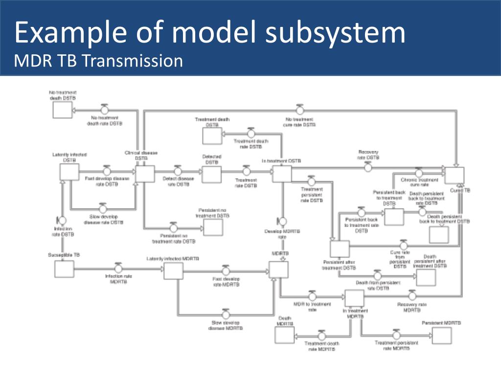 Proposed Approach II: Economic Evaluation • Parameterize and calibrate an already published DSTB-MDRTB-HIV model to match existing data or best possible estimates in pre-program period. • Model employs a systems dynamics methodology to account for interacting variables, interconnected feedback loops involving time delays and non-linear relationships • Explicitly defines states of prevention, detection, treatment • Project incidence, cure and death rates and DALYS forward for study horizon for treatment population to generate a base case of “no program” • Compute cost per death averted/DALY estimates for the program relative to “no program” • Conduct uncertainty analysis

####

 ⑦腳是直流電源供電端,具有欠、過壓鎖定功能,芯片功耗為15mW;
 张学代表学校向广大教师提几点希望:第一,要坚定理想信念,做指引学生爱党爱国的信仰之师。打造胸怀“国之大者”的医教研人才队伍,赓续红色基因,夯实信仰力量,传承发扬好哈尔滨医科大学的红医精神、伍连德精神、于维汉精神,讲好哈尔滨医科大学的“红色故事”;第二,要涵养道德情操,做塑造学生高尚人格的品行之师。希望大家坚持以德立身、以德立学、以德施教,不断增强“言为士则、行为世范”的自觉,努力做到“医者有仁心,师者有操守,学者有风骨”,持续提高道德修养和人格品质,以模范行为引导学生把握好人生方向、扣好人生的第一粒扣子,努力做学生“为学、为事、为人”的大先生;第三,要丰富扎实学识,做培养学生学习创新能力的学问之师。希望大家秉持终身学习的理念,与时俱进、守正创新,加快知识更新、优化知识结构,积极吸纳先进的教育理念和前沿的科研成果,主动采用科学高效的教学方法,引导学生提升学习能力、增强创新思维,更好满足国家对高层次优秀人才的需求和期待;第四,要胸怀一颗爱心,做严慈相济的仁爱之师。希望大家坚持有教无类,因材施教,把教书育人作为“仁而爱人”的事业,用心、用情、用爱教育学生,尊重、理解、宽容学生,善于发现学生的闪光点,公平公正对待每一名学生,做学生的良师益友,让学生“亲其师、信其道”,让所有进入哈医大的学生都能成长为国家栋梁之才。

####

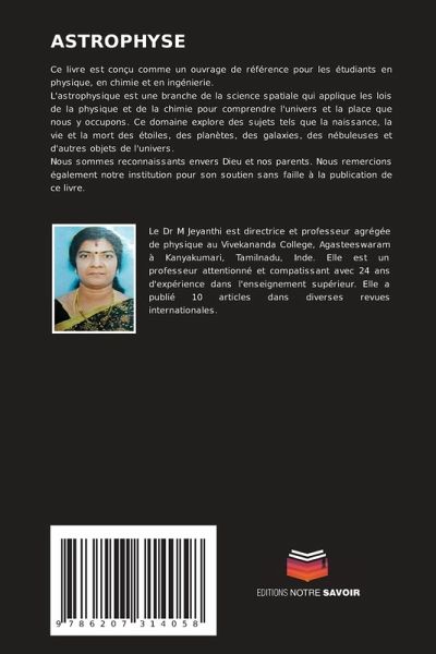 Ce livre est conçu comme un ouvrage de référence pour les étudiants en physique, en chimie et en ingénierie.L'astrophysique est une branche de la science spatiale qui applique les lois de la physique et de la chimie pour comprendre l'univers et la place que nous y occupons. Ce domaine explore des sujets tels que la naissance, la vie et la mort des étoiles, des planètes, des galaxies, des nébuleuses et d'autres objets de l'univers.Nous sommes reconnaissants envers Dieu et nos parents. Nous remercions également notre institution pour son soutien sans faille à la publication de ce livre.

####

▸ **Instructions for the task**: Reproduce exactly the lines above from the line with "⑦腳是直流電源供電端,具有欠、過壓鎖定功能,芯片功耗為15mW;" to the line with "张学代表学校向广大教师提几点", including both, and add nothing.

▸ **Answer**:
 ⑦腳是直流電源供電端,具有欠、過壓鎖定功能,芯片功耗為15mW;
 张学代表学校向广大教师提几点希望:第一,要坚定理想信念,做指引学生爱党爱国的信仰之师。打造胸怀“国之大者”的医教研人才队伍,赓续红色基因,夯实信仰力量,传承发扬好哈尔滨医科大学的红医精神、伍连德精神、于维汉精神,讲好哈尔滨医科大学的“红色故事”;第二,要涵养道德情操,做塑造学生高尚人格的品行之师。希望大家坚持以德立身、以德立学、以德施教,不断增强“言为士则、行为世范”的自觉,努力做到“医者有仁心,师者有操守,学者有风骨”,持续提高道德修养和人格品质,以模范行为引导学生把握好人生方向、扣好人生的第一粒扣子,努力做学生“为学、为事、为人”的大先生;第三,要丰富扎实学识,做培养学生学习创新能力的学问之师。希望大家秉持终身学习的理念,与时俱进、守正创新,加快知识更新、优化知识结构,积极吸纳先进的教育理念和前沿的科研成果,主动采用科学高效的教学方法,引导学生提升学习能力、增强创新思维,更好满足国家对高层次优秀人才的需求和期待;第四,要胸怀一颗爱心,做严慈相济的仁爱之师。希望大家坚持有教无类,因材施教,把教书育人作为“仁而爱人”的事业,用心、用情、用爱教育学生,尊重、理解、宽容学生,善于发现学生的闪光点,公平公正对待每一名学生,做学生的良师益友,让学生“亲其师、信其道”,让所有进入哈医大的学生都能成长为国家栋梁之才。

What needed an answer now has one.